Source data:
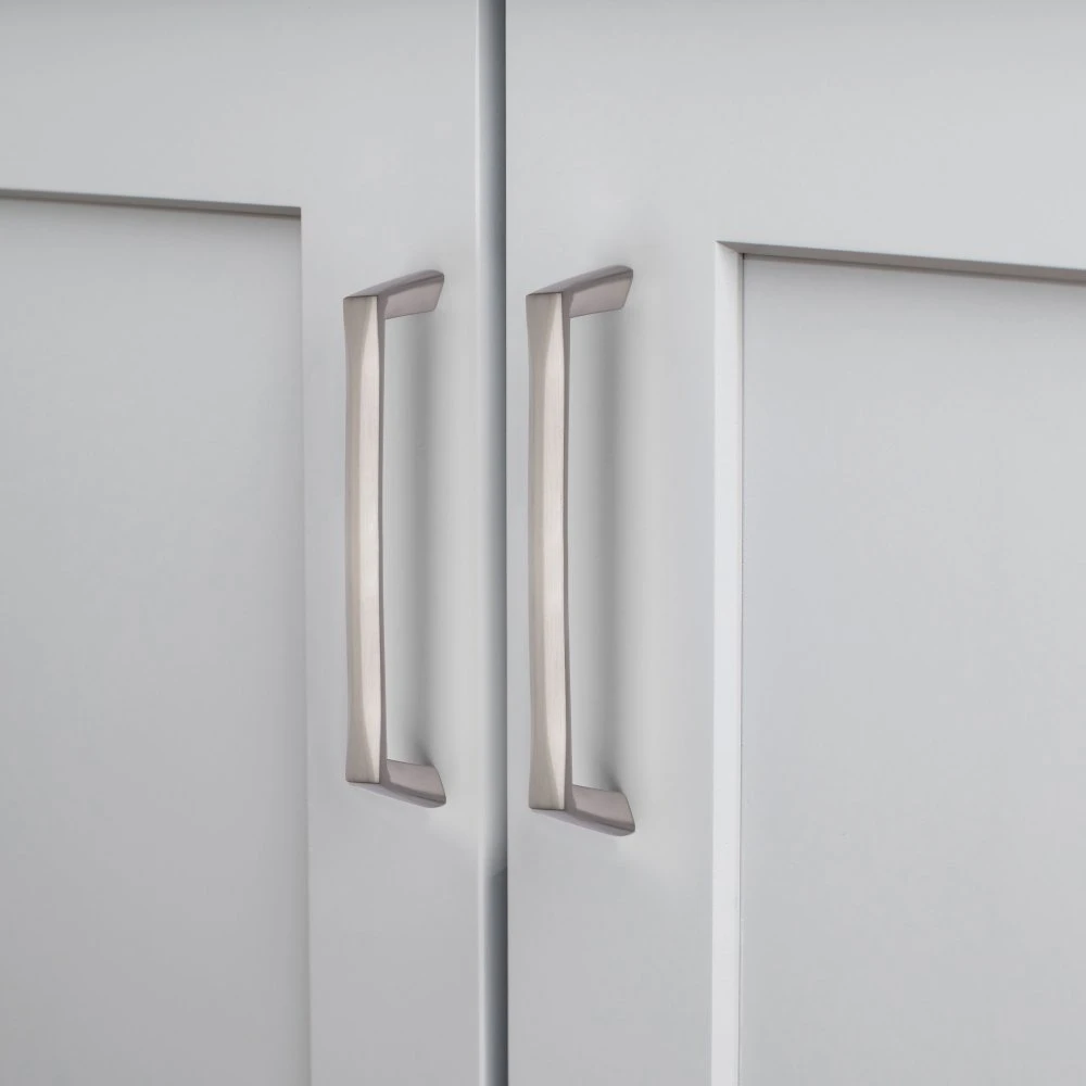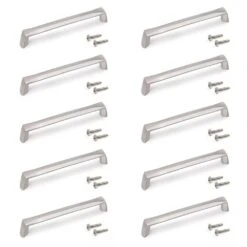 Comprar Lote de 10 tiradores para mueble Cantón, L142mm, intereje 128mm, Zamak, Níquel satinado – Emuca
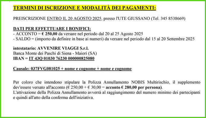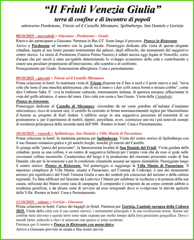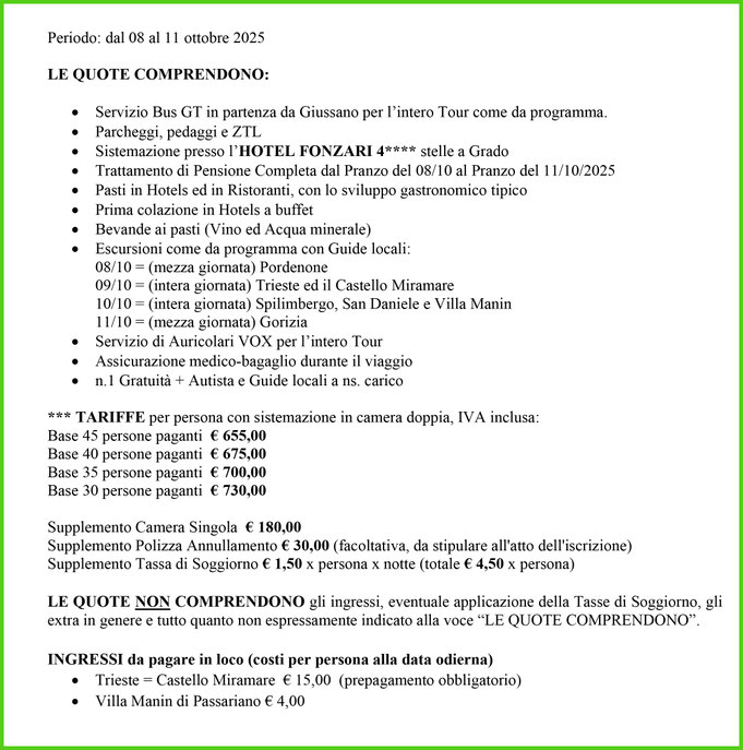 Si avvisano i partecipanti alla gita in Friuli che la partenza sarà alle ore 7 co l'Ufficio Postale di Giussano
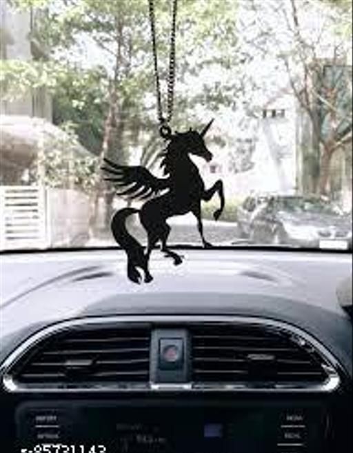 Name: Print Well Car Hanging Horse Unicorn Shape Decor Accessories and Wall Hanging Showpiece with Chain (Black)
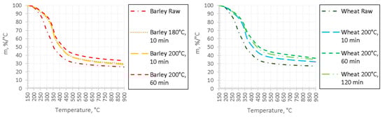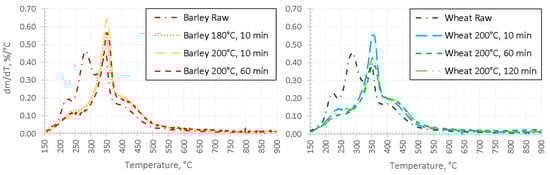 More stark differences, between feedstocks and corresponding hydrochars were revealed by TGA (Figure 10) and DTG (Figure 11) analysis for pyrolysis of the samples of BSG and corresponding hydrochars. Significant differences could be observed between DTG graphs of raw BSG samples and their hydrothermally carbonized counterparts (Figure 11). For both of the cases, raw spent grain has two distinctly different DTG peaks, one at approximately 280 °C and another close to 340 °C (Figure 11). Spent grain from wheat beer also has a small peak at approx. 225 °C, whereas for raw barley BSG this peak is minuscule and can be hardly distinguished from the adjacent shoulder (Figure 11).
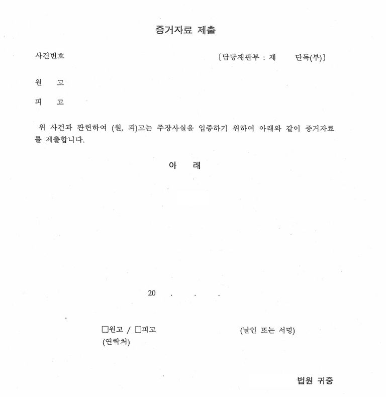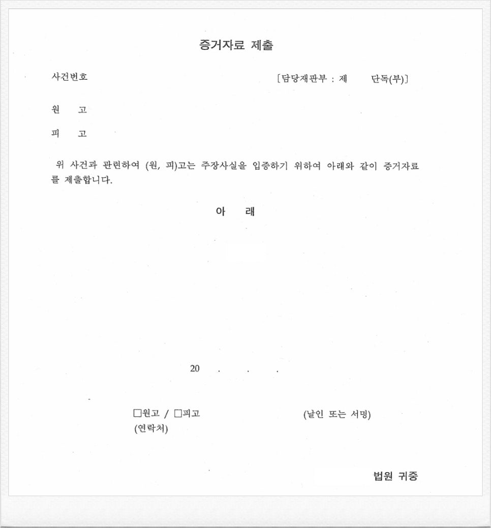 증거제출서는 법원에 어떤 증거를 법원에 제출하는지 알리는 문서입니다. 쉽게 말해 제출된 증거 목록을 정리한 문서로 볼 수 있습니다.
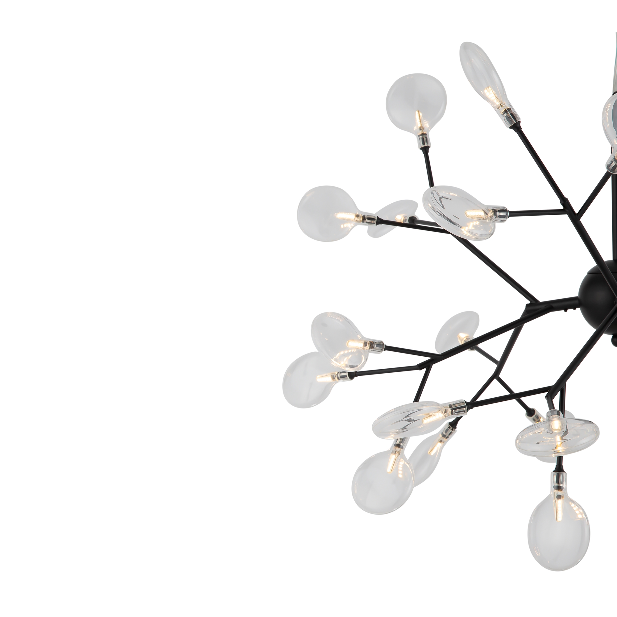 Материал арматуры – металл. Оттенки – черный, белый. Стеклянные плафоны оригинальной формы. Трендовый флористический дизайн. Источник света – лампа G4.
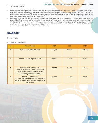 Page 449 - LAPORAN TAHUNAN HOSPITAL SULTANAH AMINAH 2022
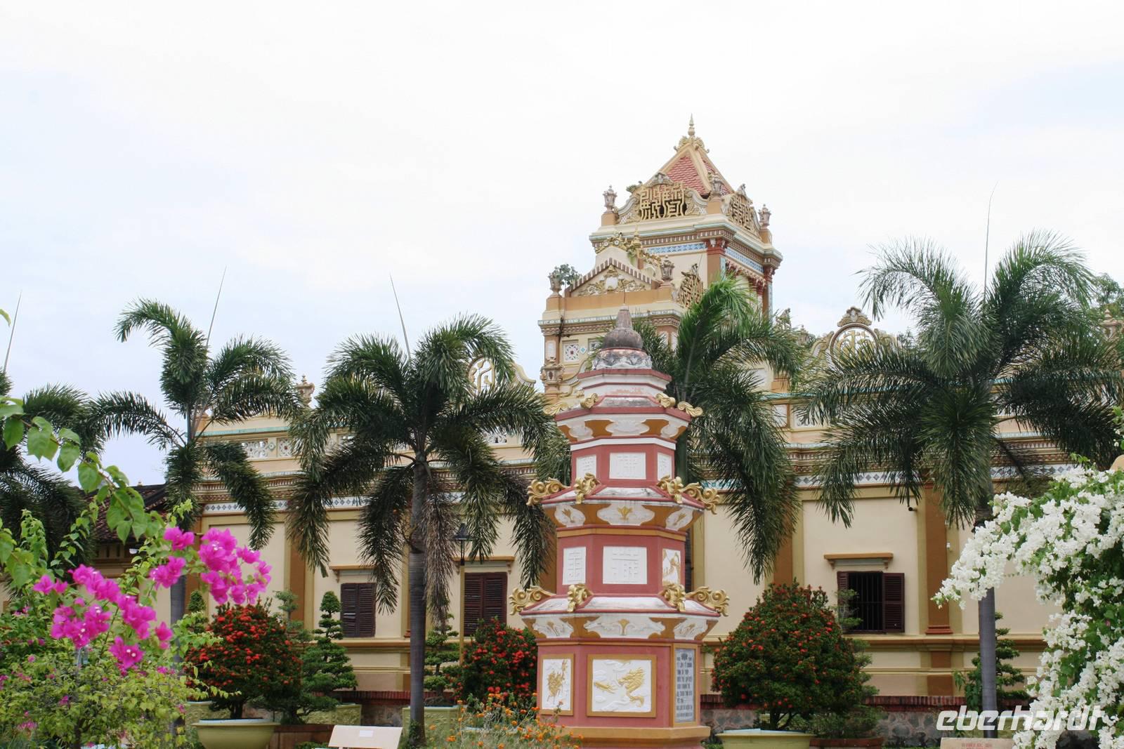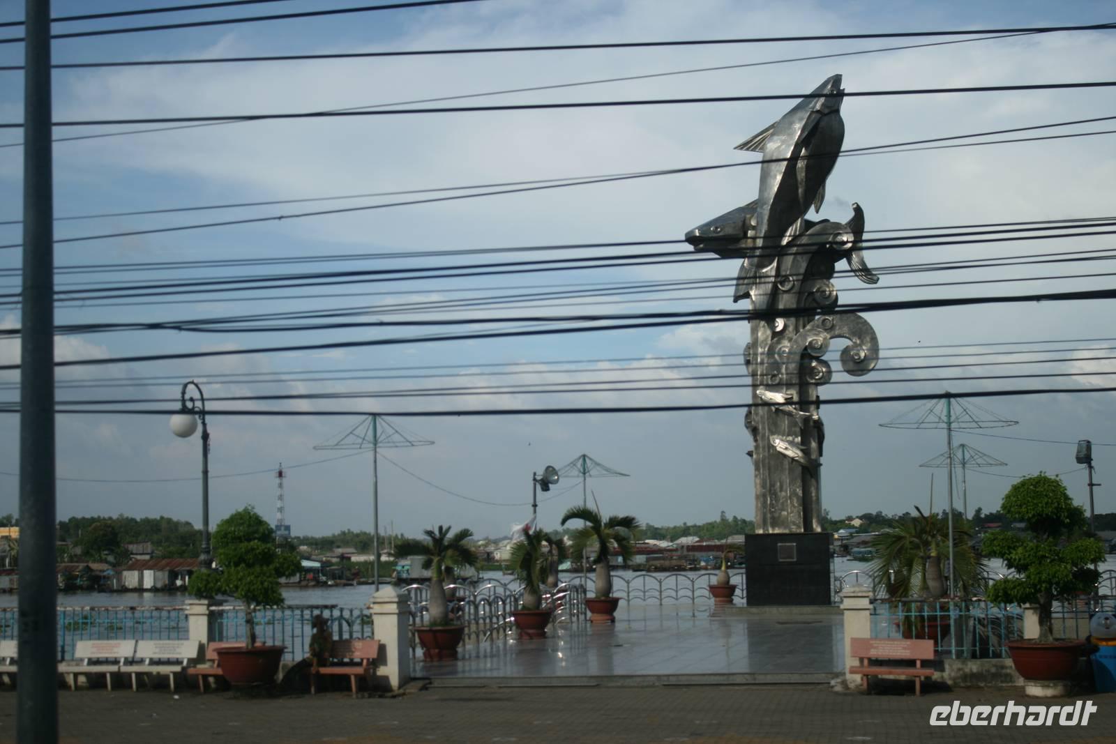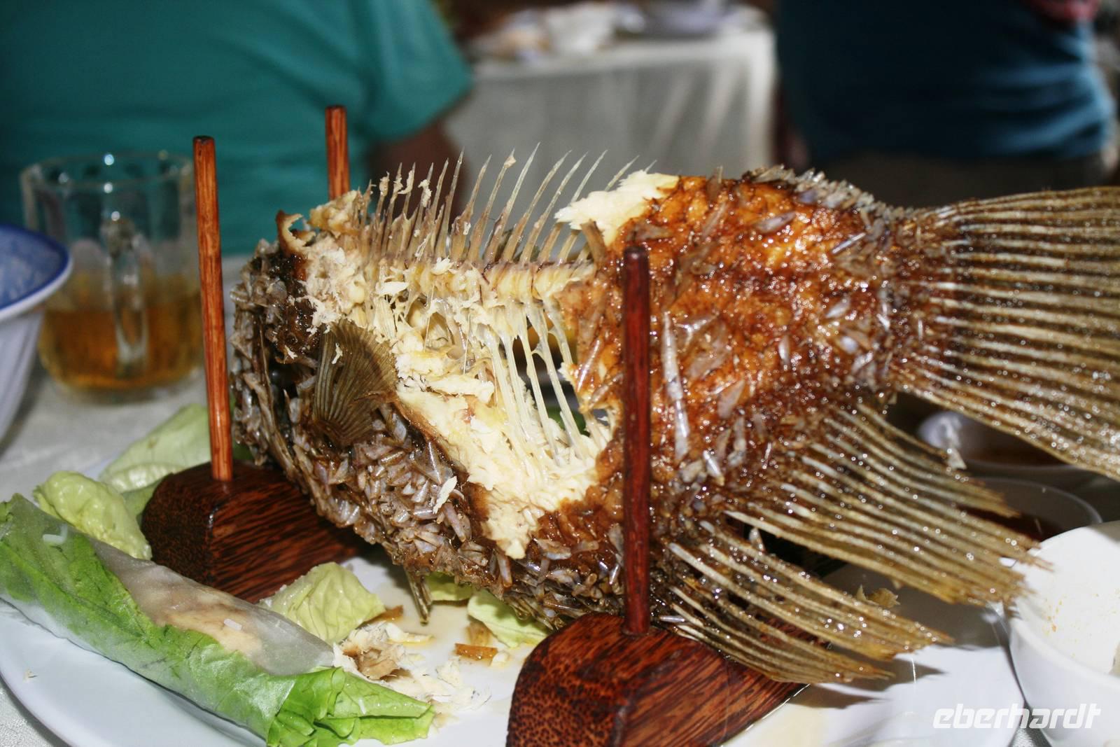 Bevor wir unsere Reise in Mekong Delta fortsetzten, drehten wir noch eine Runde durch Saigon. Wir besichtigten das alte Rathaus und die Oper im Tageslicht. Ein junges Brautpaar nahm ganz verlegen unsere Glückwünsche an. Vorbei am Ben Thanh Markt fuhren wir in den quirligen Stadtteil Cho Lon, besser bekannt als China Town. Durch die engen, mit Verkaufsständen vollgestopften Gassen zwängten sich Menschen, Tiere, Mopeds, Autos und auch wir. Aber alles kein Problem, wir bewunderten die asiatische Gelassenheit. In Deutschland wäre der ein oder andere Verkehrsteilnehmer schon längst "ausgerastet" und hätte auf sein "Recht" bestanden. Auf der Nationalstrasse 1 ging es dann schnell voran. Viel zu schnell, ein unplanmässiger Stopp folgte. Bereits am frühen Mittag erreichten wir My Tho, der Pforte zum Mekong Delta. Hier teilt sich der Mekong in mehrere Seitenarme, bevor er ins südchinesische Meer fliesst. Zunächst besichtigten wir die Vinh Trang Pagode mit ihren 3 weissen Buddhas, der eine sitzend, der andere liegend und der 3. stehend. Nicht nur überdimensionalen Buddha-Statuen faszinierten uns, sondern auch die wunderschöne, blumige Klosteranlage. Ein sehr guter Ersatz für den einzelnen weissen Buddha in Nha Trang. Im Hafen von My Tho bestiegen wir ein Boot und setzten über. Unterwegs beobachteten wir Fischerboote und vollbepackte Fähren, während wir genüsslich den frischen Saft einer Kokosnuss schlürften. Später verliessen wir das Boot und besuchten eine kleine Obstplantage, wo wir mit frischen Früchten wie Drachenfrucht, Ananas, Babybanane, Melone und Pomelo sowie grünen Tee mit selbstgemachten Honog bewirtet wurden. Dabei wurden wir mit heimischer Musik und "Python Schlangentanz" bestens unterhalten. Anschließend wurde uns die Herstellung von süßen Kokosbonbons schmackhaft gemacht. Natürlich durften wir auch reichlich naschen. Wir spazierten zu einem Dorf, wo auf kleine Kutschen mit klapprigen Pferden umsatteltet wurde. Auf "verwunschenen" Wasserwegen durchstreiften wir danach in hölzernen Sampas das Dickicht des Deltas und bewunderten die üppige Natur. Besonders gefielen uns die riesigen Früchte der Wasserpalmen. Mit dem großen Boot fuhren wir zur Phönixinsel, wo wir bei einer Bauernfamilie zum "Elefantenohrfischessen) eingeladen waren. Nach dem Essen verabschiedeten wir uns vom Mekong Delta und fuhren mit dem Bus nach Can Tho, wo wir am Abend ankamen. Nachdem wir unsere Hotelzimmer bezogen hatten, unternahmen wir einen Spaziergang zum Fluss. Im Restaurant "Sao Cho", wo wir vorher Plätze reserviert hatten, speisten wir a la carte. Annett bestellte die versprochenen Froschschenkel und stellte nach einem ersten vorsichtigen Testhappen fest, dass sie gar nicht so schlecht schmecken. Schnell fanden die äußerst strammen 5 Froschschenkel weitere mutige Abnehmer.

» **EXERCISE DETAILS**
Reproduce the records word for word, please, from their first line up to and including the line that contains "Name: Print Well", but no pictures.

» **RESPONSE AREA**
 Comprar Lote de 10 tiradores para mueble Cantón, L142mm, intereje 128mm, Zamak, Níquel satinado – Emuca
 Si avvisano i partecipanti alla gita in Friuli che la partenza sarà alle ore 7 co l'Ufficio Postale di Giussano
 Name: Print Well Car Hanging Horse Unicorn Shape Decor Accessories and Wall Hanging Showpiece with Chain (Black)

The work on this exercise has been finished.